Problem details: Return the lines below exactly, please, from the one containing "Carroll conducting business" through the last one, both included, and leave out any pictures.

Data shown:
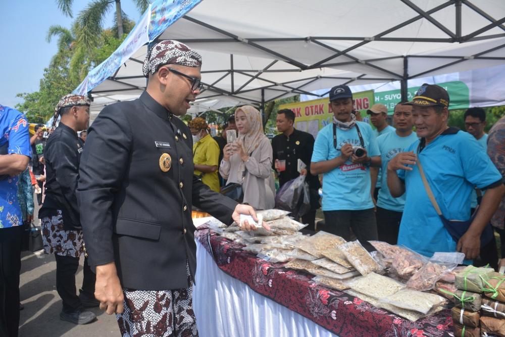 Bupati Batang M. Faiz Kurniawan (kedua kiri), meninjau stan Usaha Mikro, Kecil dan Menengah (UMKM) di halaman Pendapa Kabupaten Batang, Kamis (8/5/2025). Festival ini juga dimeriahkan dengan Sosialisasi Gemar Makan Ikan (GEMARIKAN) yang diikuti 400 anggota organisasi wanita, 50 nelayan lokal, 40 pengelola produk olahan ikan, dan lainnya. MC Batang, Jateng/Jumadi/Sri Rahayu
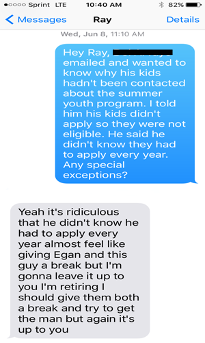 Carroll conducting business through text. Debating whether or not Pima County kids will have opportunity or not. [Redaction by ADI]
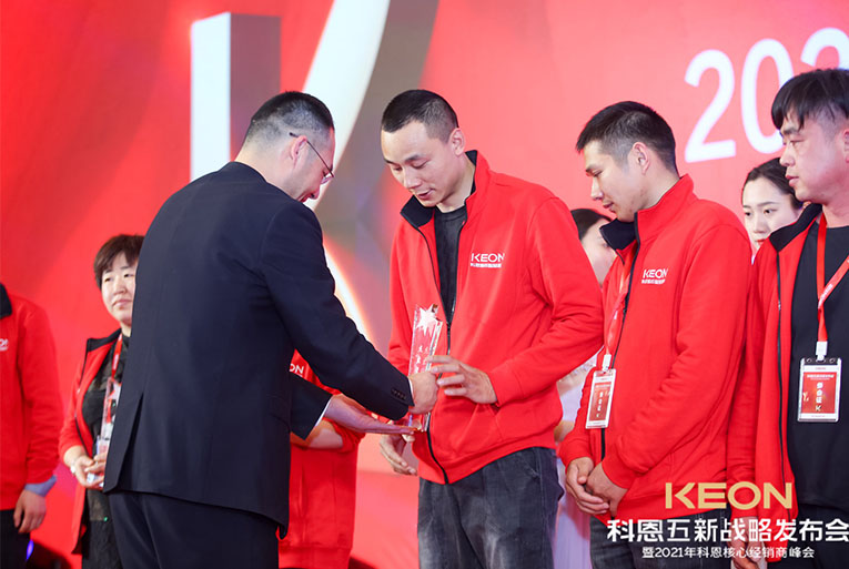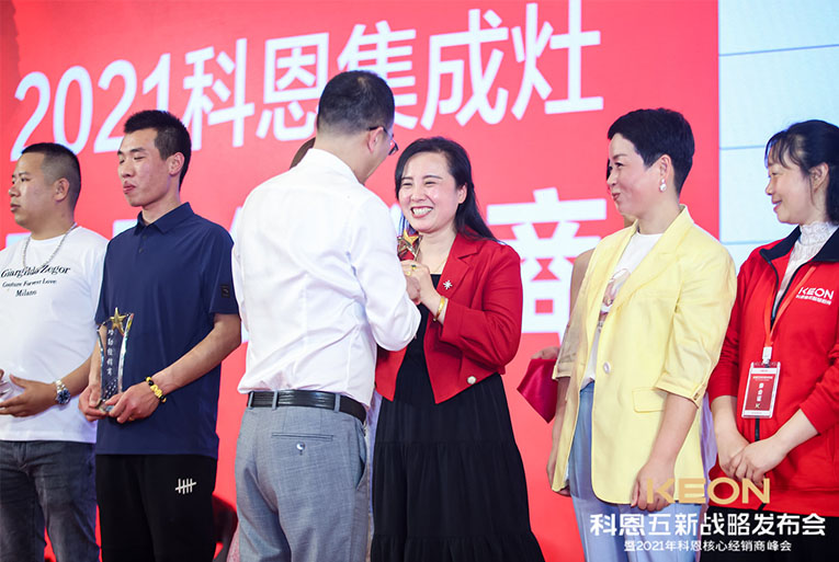 科恩電器一路披荊斬棘,成功實現了一輪又一輪銷量的突破,這一切的成果都離不開終端經銷商的努力與付出。晚宴現場對科恩電器優秀經銷商進行了表彰獎勵,頒發了2020年度科恩電器優秀專賣店、2020年度科恩電器優秀經銷商、2020年度科恩電器杰出經銷商、2020年度科恩電器卓越經銷商、2020年度科恩電器功勛經銷商等在內的多項大獎,公司高管上臺授予榮譽。

Solved problem:
 Carroll conducting business through text. Debating whether or not Pima County kids will have opportunity or not. [Redaction by ADI]
 科恩電器一路披荊斬棘,成功實現了一輪又一輪銷量的突破,這一切的成果都離不開終端經銷商的努力與付出。晚宴現場對科恩電器優秀經銷商進行了表彰獎勵,頒發了2020年度科恩電器優秀專賣店、2020年度科恩電器優秀經銷商、2020年度科恩電器杰出經銷商、2020年度科恩電器卓越經銷商、2020年度科恩電器功勛經銷商等在內的多項大獎,公司高管上臺授予榮譽。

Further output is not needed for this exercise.